Cupcakes & Conversation with Jurgita Dronina, Principal, The National Ballet of Canada
What motivates you at 8am on a Monday morning?
My will to live each day to my best ability.
My wish to achieve my own set of goals daily, no matter if it’s in ballet or life.
To not waste time at any point in the day.
If ballet chose you, as many dancers say it did, what is it that has made you stick with it?
The emotional closeness I feel with the steps and music. My love to perform for an audience and my addiction to the stage. Also the physicality of this art form, as I love to feel exhausted and know I gave all I could – at the end of each day…
What are you looking forward to dancing in 2017 & what are the big challenges likely to be for you?

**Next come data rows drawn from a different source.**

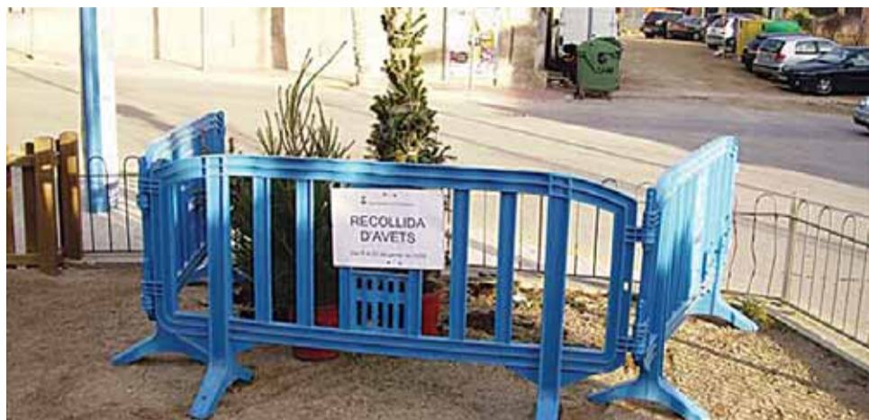
Un dels espais de recollida d'arbres de la campanya anterior.

Entre el 7 i el 22 de gener, s'instal·laran punts de recollida dels arbres
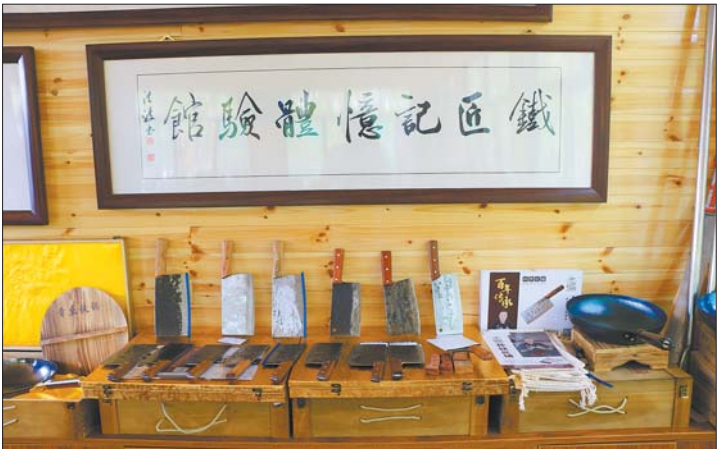
“匠心相公”金字招牌愈擦愈亮。

接筑保障。争取资金650万元用于12个村小型公益事业和产业项目建设。动态开展防返贫监测，发放产业收益13余万元，分类精准帮扶困难群众。代表章丘区迎接了全省年中检查和全市年底检查。
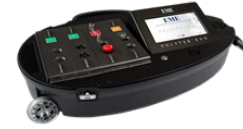
EME Polyter Evo- Multifunkcionális és hordozható fizoterápiás készülék
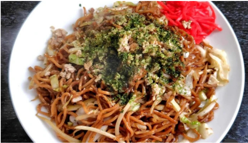
中華そば 来々軒 焼きそば
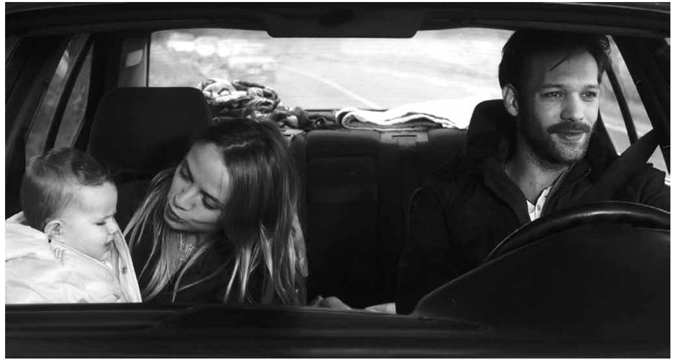
L'histoire de « Suzanne » est une tragédie entre adolescence, maternité et amour fou. Nouveau à l'Utopia.

Ça se passe là-haut, dans les Alpes là où la neige est immaculée, les chamois courent les marmottes et les sommets tutoient les nuages. Ça se
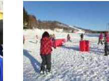
☺ 雪合戦 2時間~/15名
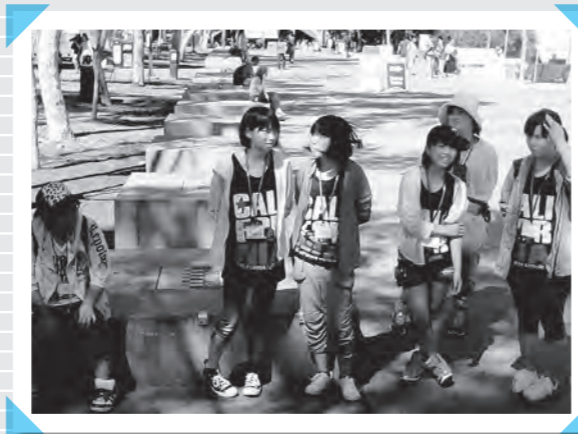
25日(木) 現地の大学を訪問 (カリフォルニア大学サンディエゴ校)
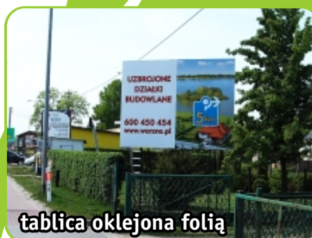
tablica oklejona folią
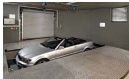
e poi viene fatta scendere.
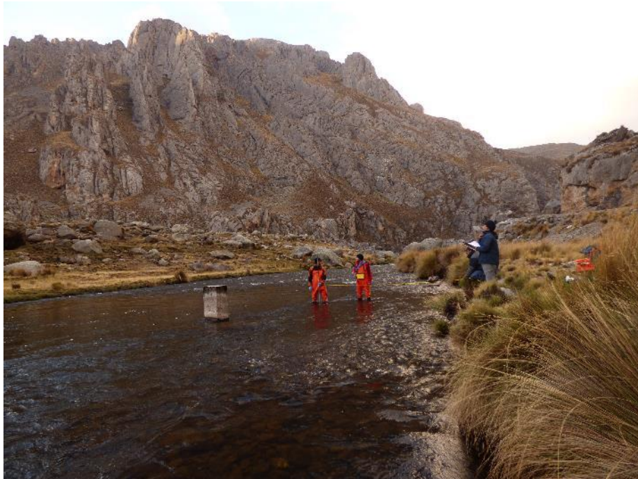
Fotografía 1: Aforo del tragadero del río Cañete

Viaje Lima-Tanta. Llegamos a Tanta el 19/09 en la tarde. Después del almuerzo, salimos hacia el manantial Muyucocha para muestrearlo. Luego nos dirigimos hacia el tragadero del río Cañete para realizar el aforo (Q: 6.32 m 3 /s) (Fotografía 1).
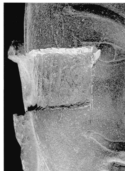
Fig. 1b Tête, coupe de la couche épidermique (cf. fig. 2)
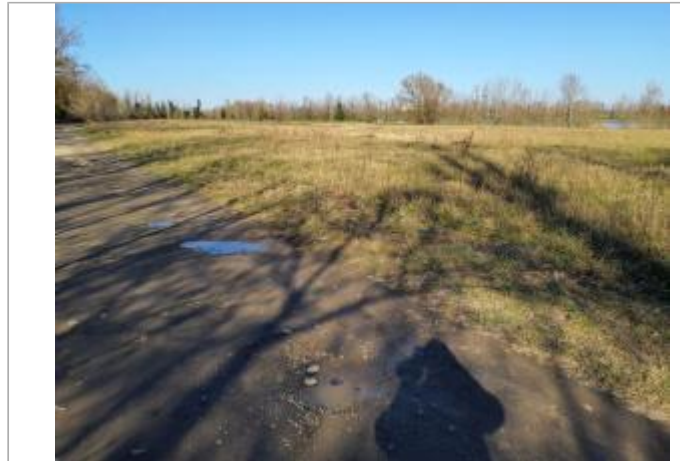
Débris végétaux

Coordonnées WGS84 : X: 1.36934140 / Y: 43.68559110
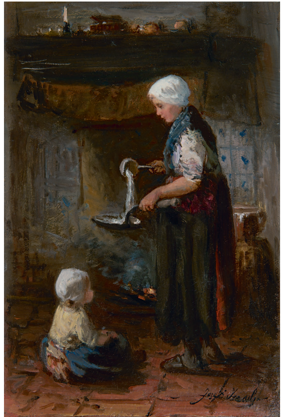
Jozef Israëls Pannenkoeken bakken

'Jozef Israëls is in zijn leven hoog gewaardeerd. Er is veel interesse vanuit Israël en de Joodse gemeenschap.'
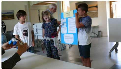
Présentation du projet au jury.

Prix coup de cœur du jury : V.O.L 23, Ordan-Larroque ; prix endurance : Fast'Auch 2, Jean Jaurès ; prix de la vitesse : V.O.L 23, Ordan-Larroque.
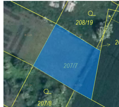
Příloha č. 2
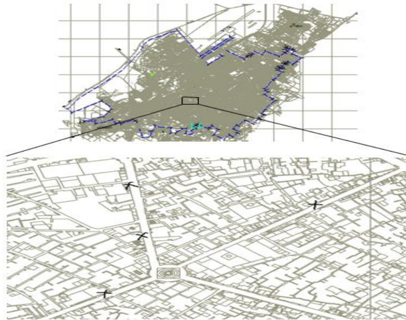
شکل ۳. نقشه شهر یزد و یک برش کوچک از آن شامل موقعیت مکانی مشتریان این محدوده

اجرا شد، که در تمام اجراها زمان رسیدن به جواب کمتر از ۸ دقیقه بود. جواب‌های بدست آمده از روش پیشنهادی با اطلاعات موجود از روش کنونی در جدول ۲ مقایسه شده است. روش معرفی شده موجب بهبود در مسافت کل حمل و نقل، و کاهش
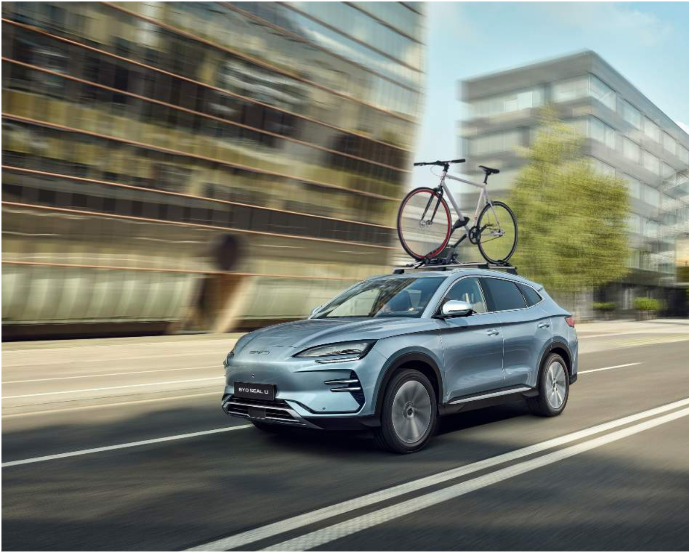
Dachträger und Fahrradträgeraufsatz
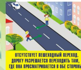
ОТСУТСТВУЕТ ПЕШЕХОДНЫЙ ПЕРЕХОД. ДОРОГУ РАЗРЕШАЕТСЯ ПЕРЕХОДИТЬ ТАМ, ГДЕ ОНА ПРОСМАТРИВАЕТСЯ В ОБЕ СТОРОНЫ
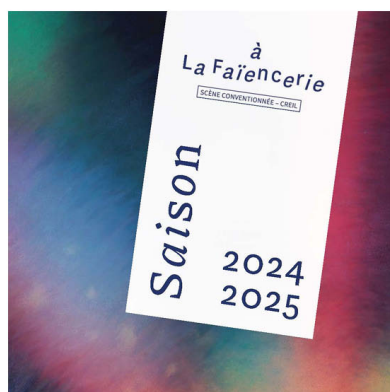
Saison culturelle 24-25 LA FAÏENCERIE-THÉÂTRE À CREIL
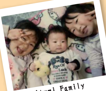
Atumi Family (6才・4才・0才)

① ママが手を離せないときはパパが動くので、はっきり分担していません。パパ→(朝)子どもたちの身支度、ゴミ出し(休日)夕飯の準備、子どもとお風呂にはいる
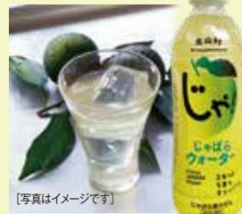
【写真はイメージです】

はちみつのやさしい甘みで飲みやすい、じゃばら果汁入りドリンク。花粉の季節のすっきり習慣に！
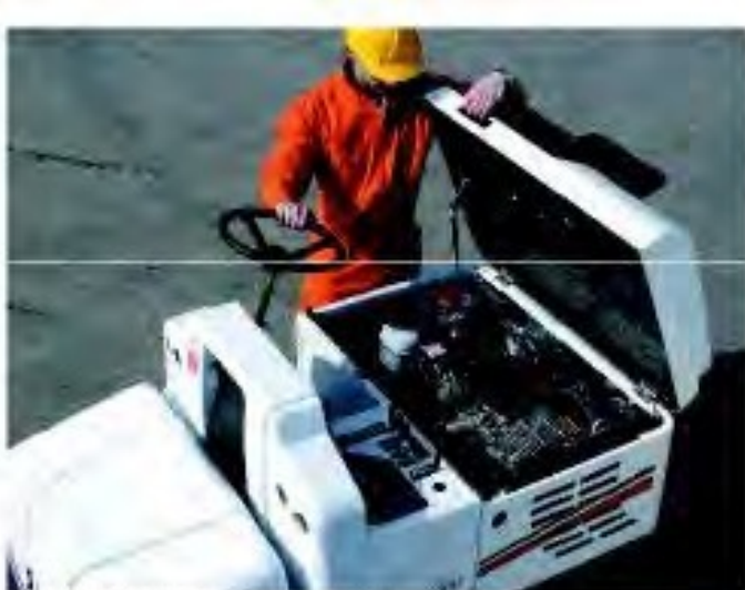
Facilità d'accesso al vano motore
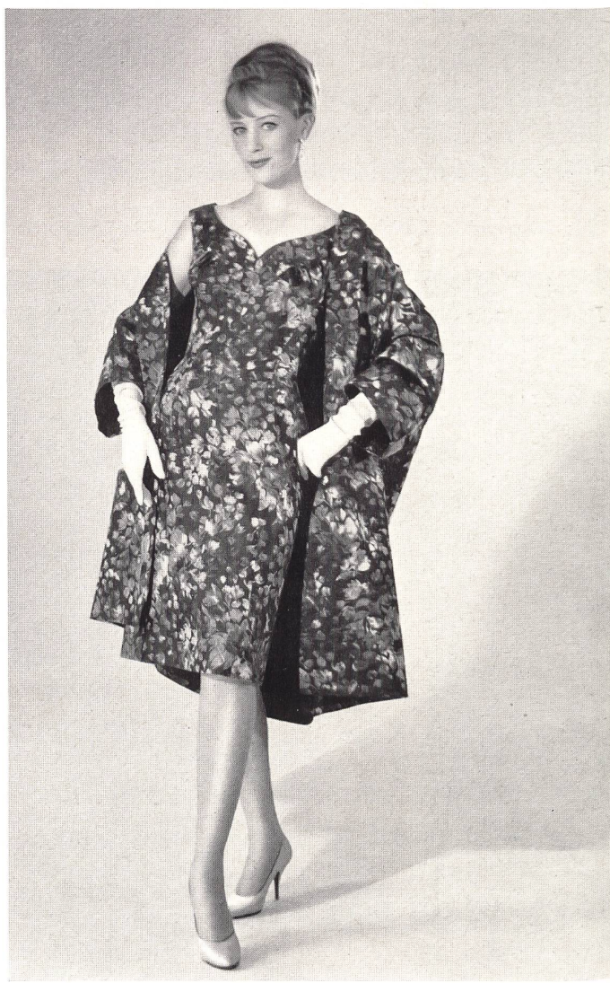
H. HALLER & CO., ZÜRICH Ensemble en jacquard pure soie Pure silk jacquard outfit Conjunto de tejido jacquard seda pura Complet aus reinseidenem Jacquard Gewebe
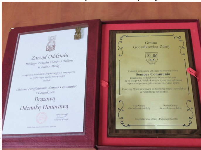
Od lewej: Odznaczenie PZCH i O, od prawej: dyplom przekazany przez Wójta i Radę Gminy.

I am looking forward to the busiest season I have ever had. The 2017/18 Season will be the most challenging year to come. I’m also hoping and looking forward to many unexpected opportunities and invitations that may come my way. I don’t usually look forward to a particular role, as most of the time I don’t even know which role or ballet I will be cast in (except big classical productions) or whether I will be part of a new creation or not, but otherwise I am really looking forward to reprising my role in Christopher Wheeldon’s The Winter’s Tale and coming back to the role of Aurora in Sleeping Beauty.
Who would you most like to dance with & what would you dance?
I feel very privileged and lucky to be able to perform alongside the greatest Principal dancers worldwide, so I really cannot come up with someone’s name in particular. But if I could, I would have loved to experience how it feels to dance alongside Mikhail Baryshnikov.
If you could dance anywhere in the world (not only in a theatre), where would you dance ?
I would love to dance somewhere in Sedona, Arizona or in a church, especially in one of those really old ones that I visited in Italy or Armenia dating back to the 11th century.
How do you prepare your pointe shoes ?
I wear Gaynor Minden pointe shoes which do not require much preparation, except that I usually work in my shoes for a few months (at least!) before feeling they are ready to go on stage with me. I feel comfortable only in old and soft shoes that follow the movement of my foot.
What is your daily routine at the moment ?
At the moment we are preparing A Streetcar Named Desire by John Neumeier, so rehearsals take up the full day. I wake up 6:45 am, walk the dog, prepare breakfast for my son and get him ready for school. I am at the studios at 9:00 am, where I have a bit less than an hour to warm up. Usually I do Pilates on a Reformer before class.
From 10:00 am – 11:15 am I have class, then rehearsals from 11:30 am – 2:30 pm. My break is from 2:30 pm – 3:30 pm of which I use 30 minutes to do a workout in the gym or rehearse an upcoming guest performance. Then I have rehearsals from 3:30 – 6:30 pm.
If I happen to finish earlier I squeeze in a Gyrotonics session, and if I have a later start in the day I enjoy starting my day with a personal training session at the gym.
Most of the time I get home at around 7:00 pm.
On the weekend, it is a full day booked with my son’s activities, play dates and time in the park with our dog.
What do you eat during the course of a typical working day?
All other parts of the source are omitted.